Welcome to our home on the web, where we will share with you the latest knowledge, theories and practical experiences behind the ‘World of Strength & Conditioning’, including the optimization of human performance in sport. Our mission is simple: update our readers with the most cutting-edge research and continue to contribute valuable insights to the expanding field of sport science.
“Champions aren’t made in gyms. Champions are made from something they have deep inside them-a desire, a dream, a vision”
Michael Jordan, Tiger Woods, Andre Agassi, Georges-St-Pierre, Drew Brees, Muhammad Ali and Bruce Lee. What do all of these superstar-athletes have in common?
First off, they’ve each dominated their respective sport during their career, in the case of Michael Jordan, the word “dominate” was pretty much his middle name. What else? They are, or were, some of the fittest athletes on the planet and countless stories allude to this fact. For example, Ali once said, “I hated every minute of training, but I said, ‘Don’t quit, suffer now and live the rest of your life as a champion.’” Inspiring right? What about Andre Agassi? In a sport like tennis where players aren’t known to ‘lift heavy’, Agassi’s book “Open” explains how hiring former UCLA Strength & Conditioning Coach Gil Reyes, was one of the most, (if not the most important factor) during his comeback to the top of the tennis rankings.
These iconic figures have had a huge impact on me as a sports fan, former athlete, Strength & Conditioning coach and a sports science enthusiast. Growing up, I looked up to athletes who took their training seriously, recognizing that they achieved greatness through countless hours of physical preparation.
Steps to Improvement
My interest in human performance led me into the field of sport science and earned me a M.Sc. in Strength & Conditioning. Over the years, it has been a number of experienced S&C coaches, researchers and pioneers of the sport science world that have guided me towards a better understanding of human performance.They’ve also helped me understand how professionals like Michael Jordan could attain such great feats of athleticism (while making it look so easy).

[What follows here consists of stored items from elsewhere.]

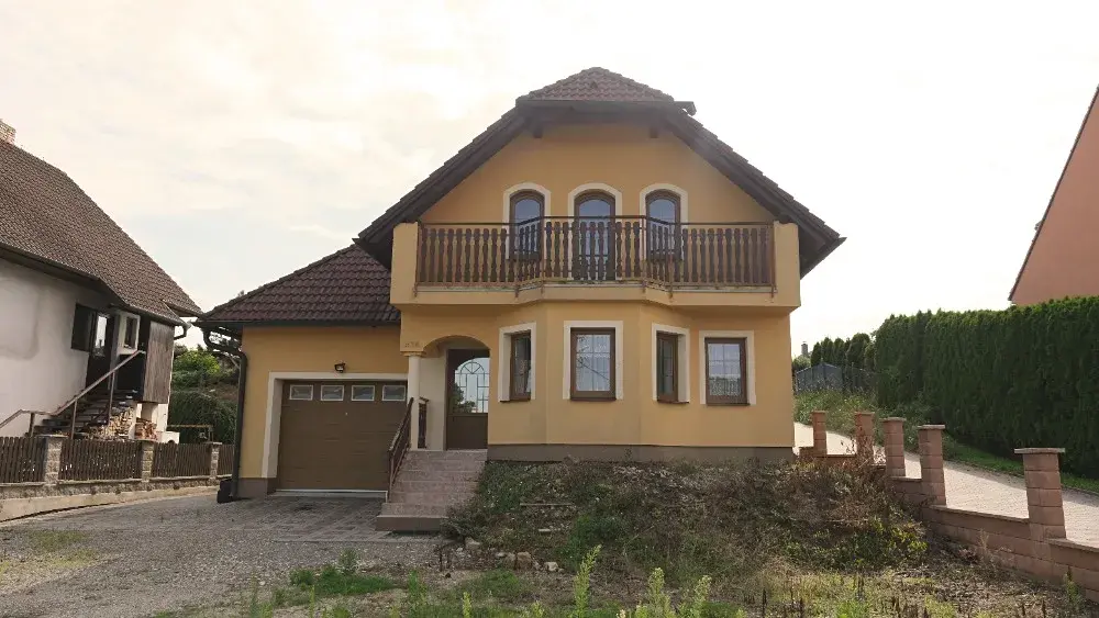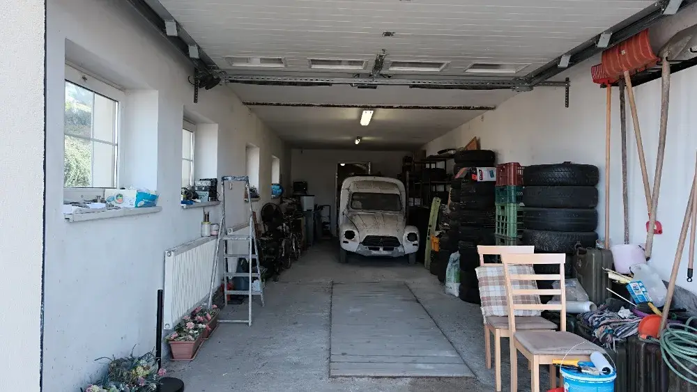 - garáž pro 2 auta, v zadní části za garáží prostory vhodné na vinný sklípek nebo posezení (klenutý sklep)
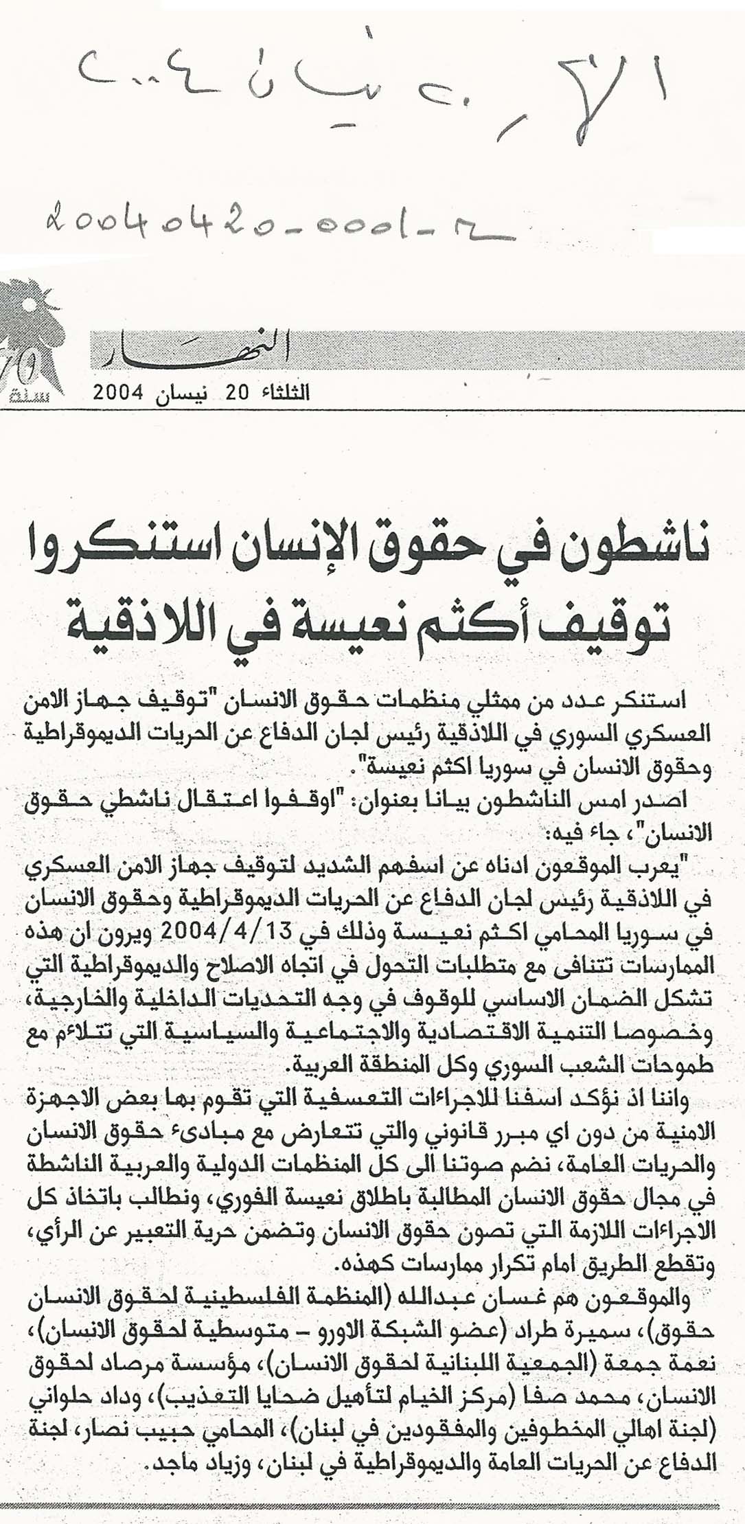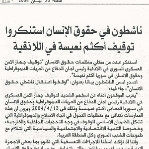- en Human rights activists denounce the arrest of Aktham Nouayse in Latakia.
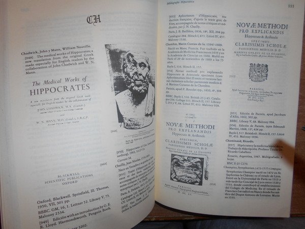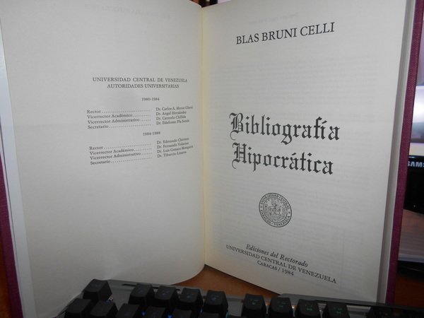 BLAS BRUNI CELLI. Caracas, Ediciones del Rectorado Universidad Central de Venezuela, 1984. Bibliografia Hipocratica. In-8°, tela bordeaux con titolo in oro entro tassello al dorso, brossure originali conservate. 500, (7) pp. con numerose riproduzioni nel testo. Come nuovo. Uff. D - II - 2
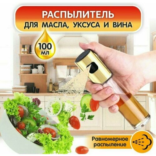 Спрей для масла и уксуса с дозатором-распылителем из стекла и пластика золотистый

My Heroes in Sport Science
Today, experts like Eric Cressey, Mike Robertson, Joel Jamieson, Charlie Weingroff and Glenn Pendlay are all well-known coaches currently developing some of the best athletes in the World and each of them use scientific evidence as the cornerstone to their programming. Not to say that anecdotal experiences aren’t worthwhile, but these guys know that the basics are the same across the board. How you use the principles, now that’s a different story altogether!
Although these experts, along with a host of others, have top-notch insight, I always find myself revisiting some older publications; these include Mel Siff’s ‘Supertraining’, Yuri Verkhoshansky’s ‘Special Strength Training’, Vladimir Zatiorsky’s ‘Science and Practice of Strength Training’, Louie Simmons’ ‘Westside Method”, Mark Rippetoe’s ‘Starting Strength’ and Mike Stone’s ‘Principles and Practice of Resistance Training. Some of these texts are more simplified than others but what they all possess is a framework for planning and organizing training programs for elite athletes. Rippetoe, someone I admire because of his straight to the point attitude and his ability to simplify complex theories, states in his text ‘Practical Programming’ that ‘the ability to effectively design, organize and implement training programs is an ABSOLUTE requirement for success in all areas of exercise’.
Sport Science and Technology
Simmons, known for developing some of the World’s strongest powerlifters, claimed that sport scientists and engineers will one day work together; I’m guessing he was alluding to the ability of engineers to bridge the gaps between technology and science. This is where my involvement with PUSH comes into play..
I have been fortunate enough to stumble upon some of the brightest young talents in this realm and I am both excited and intrigued to what we can collectively accomplish. Engineers have visions, and this means that I don’t have to hold back with my demands. When I ask our team at PUSH if can we do X or Y, the answer is often ‘probably’. This is when the wheels start spinning and the magic happens.
Today, we are in our prototype stage and working with some incredible minds on board to test our device with some of the world’s top athletes. Not to mention, in the next six months, four academic institutions will aim to publish validation and reliability studies of our device against force platforms, the gold standard in the field.
Questions PUSH will address along the way:
- How much strength is needed?
- What does power actually mean and how can we optimize training loads to work in the appropriate power ranges?
- Why do coaches always talk about bar speed?
- What is the value of velocity?
- What direction is research heading?
With the advent of technology, researchers and coaches are more concerned now than they ever have been in the past, about the ability to quantify training.
Our aim is to disseminate the most current scientific evidence and present it in a practical manner. Hopefully, this will lead to more opportunities to interact with coaches and experts in the field. We also plan to discuss the latest research findings and determine:
A) If the research finding is applicable in sport specific settings. If so, how can they be incorporated into these settings?
B) Are these findings effective in improving human performance at the most elite levels.
We plan to break down some key concepts by looking at the Force-Velocity-Power curves. Specifically, we’ll discuss the theories associated with these curves and how they have been/can be applied into the organization of training.